**What you need to do**
Give again, word for word, each line below starting at the one that contains "Award for Best" and ending at the one that contains "3、 用光標(biāo)選中".

**Given data**

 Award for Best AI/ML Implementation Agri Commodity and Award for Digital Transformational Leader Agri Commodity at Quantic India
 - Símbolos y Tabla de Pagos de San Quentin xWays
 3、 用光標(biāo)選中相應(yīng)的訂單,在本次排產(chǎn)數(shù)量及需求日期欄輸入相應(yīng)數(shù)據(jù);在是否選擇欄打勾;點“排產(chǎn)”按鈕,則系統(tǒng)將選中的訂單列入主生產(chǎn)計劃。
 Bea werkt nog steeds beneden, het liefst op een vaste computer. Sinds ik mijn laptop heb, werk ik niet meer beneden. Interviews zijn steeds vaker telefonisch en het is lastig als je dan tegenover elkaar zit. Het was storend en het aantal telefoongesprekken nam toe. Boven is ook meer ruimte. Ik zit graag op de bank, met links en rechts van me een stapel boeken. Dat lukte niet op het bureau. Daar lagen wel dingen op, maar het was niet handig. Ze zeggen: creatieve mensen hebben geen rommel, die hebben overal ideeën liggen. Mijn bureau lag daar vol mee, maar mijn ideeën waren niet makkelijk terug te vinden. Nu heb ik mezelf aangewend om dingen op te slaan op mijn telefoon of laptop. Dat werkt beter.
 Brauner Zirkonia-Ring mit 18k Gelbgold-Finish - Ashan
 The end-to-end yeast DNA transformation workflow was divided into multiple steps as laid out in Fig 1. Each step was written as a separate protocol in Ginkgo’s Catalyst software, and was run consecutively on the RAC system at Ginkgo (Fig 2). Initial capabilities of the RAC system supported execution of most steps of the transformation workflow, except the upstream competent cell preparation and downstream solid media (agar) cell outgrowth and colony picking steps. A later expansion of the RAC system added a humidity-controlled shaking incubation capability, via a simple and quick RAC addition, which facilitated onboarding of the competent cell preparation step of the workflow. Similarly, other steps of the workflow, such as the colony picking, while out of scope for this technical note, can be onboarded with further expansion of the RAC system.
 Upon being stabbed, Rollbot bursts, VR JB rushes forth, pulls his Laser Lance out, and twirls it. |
==
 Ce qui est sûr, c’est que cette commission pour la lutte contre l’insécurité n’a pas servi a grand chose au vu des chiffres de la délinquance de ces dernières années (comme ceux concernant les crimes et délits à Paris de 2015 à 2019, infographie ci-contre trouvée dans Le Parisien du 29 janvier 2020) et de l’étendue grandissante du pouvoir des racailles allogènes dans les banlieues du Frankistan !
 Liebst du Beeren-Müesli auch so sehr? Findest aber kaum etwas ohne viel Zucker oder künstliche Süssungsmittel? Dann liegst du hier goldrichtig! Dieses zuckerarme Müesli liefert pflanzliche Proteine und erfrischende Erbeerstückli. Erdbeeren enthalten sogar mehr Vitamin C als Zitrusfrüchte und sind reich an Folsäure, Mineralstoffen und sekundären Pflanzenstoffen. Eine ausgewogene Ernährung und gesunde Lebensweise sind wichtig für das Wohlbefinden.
* * *
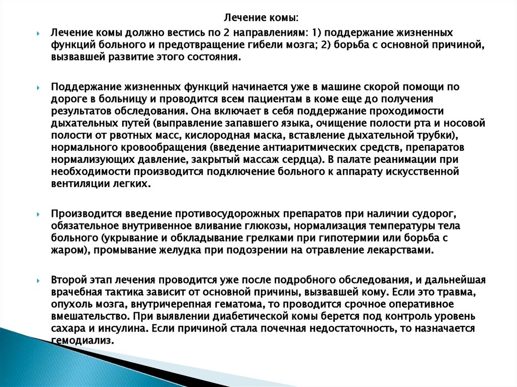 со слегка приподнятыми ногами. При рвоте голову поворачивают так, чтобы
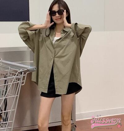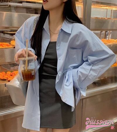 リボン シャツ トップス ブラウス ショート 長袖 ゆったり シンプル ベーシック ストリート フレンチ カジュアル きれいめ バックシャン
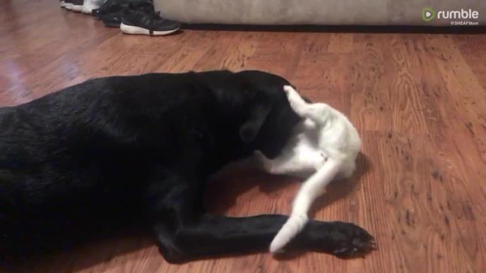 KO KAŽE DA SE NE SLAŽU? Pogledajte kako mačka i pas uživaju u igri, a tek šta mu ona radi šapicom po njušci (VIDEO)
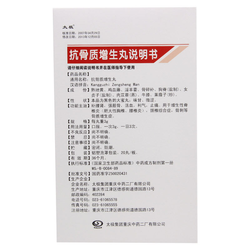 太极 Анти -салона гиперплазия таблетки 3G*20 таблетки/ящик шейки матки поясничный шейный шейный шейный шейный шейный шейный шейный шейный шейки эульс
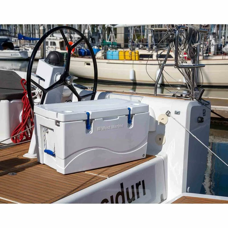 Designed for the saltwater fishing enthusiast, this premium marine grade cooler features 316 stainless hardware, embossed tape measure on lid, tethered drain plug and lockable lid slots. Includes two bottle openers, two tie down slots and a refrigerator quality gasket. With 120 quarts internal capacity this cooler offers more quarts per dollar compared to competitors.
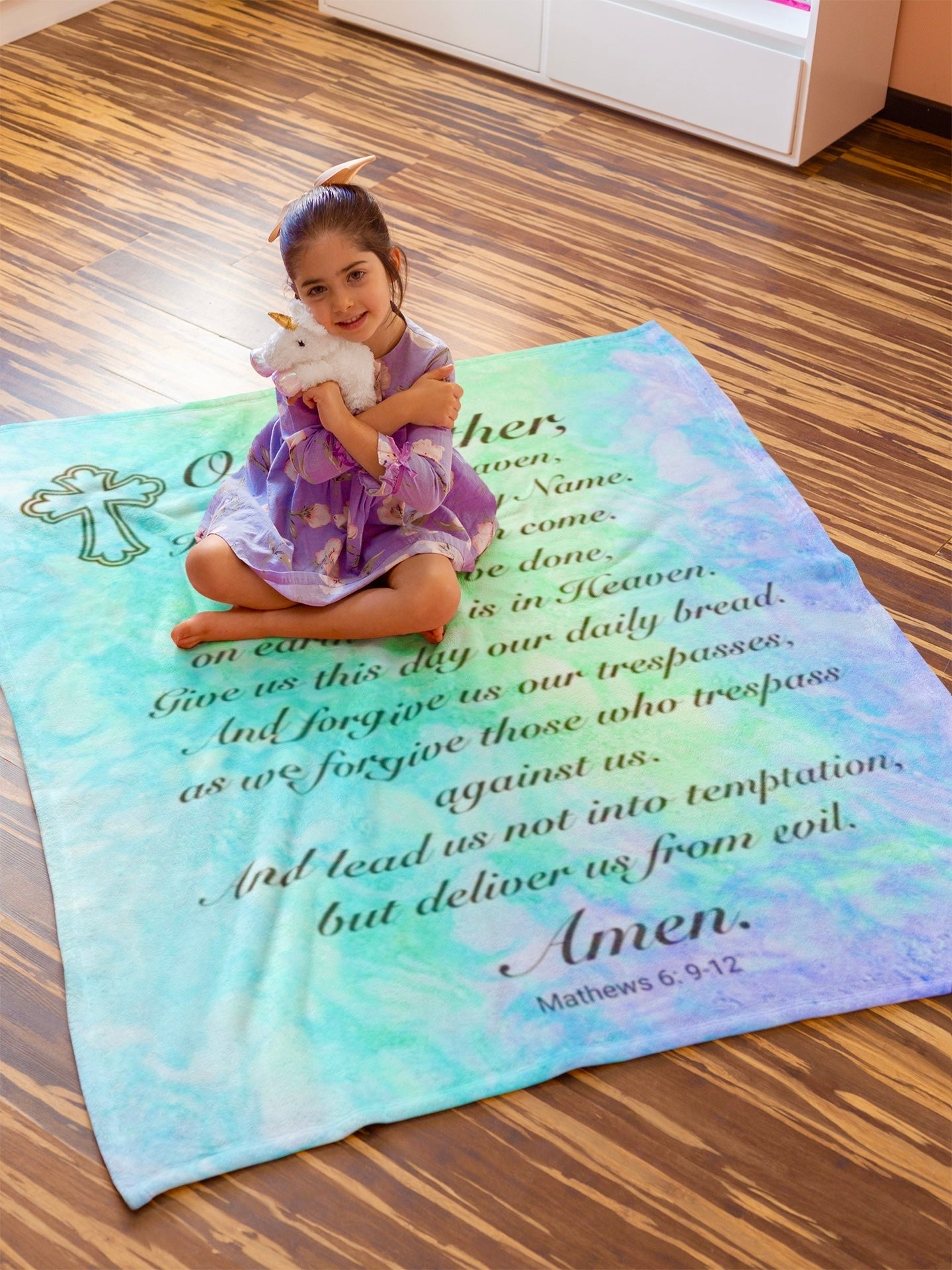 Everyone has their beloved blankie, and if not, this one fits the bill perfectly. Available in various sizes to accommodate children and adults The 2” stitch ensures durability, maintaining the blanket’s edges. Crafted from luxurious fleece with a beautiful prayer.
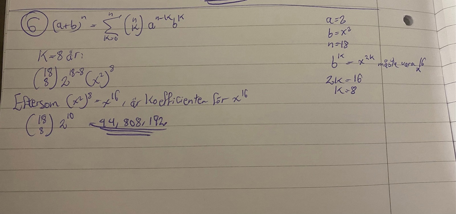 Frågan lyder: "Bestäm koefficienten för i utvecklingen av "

**Solution to the exercise**
 Award for Best AI/ML Implementation Agri Commodity and Award for Digital Transformational Leader Agri Commodity at Quantic India
 - Símbolos y Tabla de Pagos de San Quentin xWays
 3、 用光標(biāo)選中相應(yīng)的訂單,在本次排產(chǎn)數(shù)量及需求日期欄輸入相應(yīng)數(shù)據(jù);在是否選擇欄打勾;點“排產(chǎn)”按鈕,則系統(tǒng)將選中的訂單列入主生產(chǎn)計劃。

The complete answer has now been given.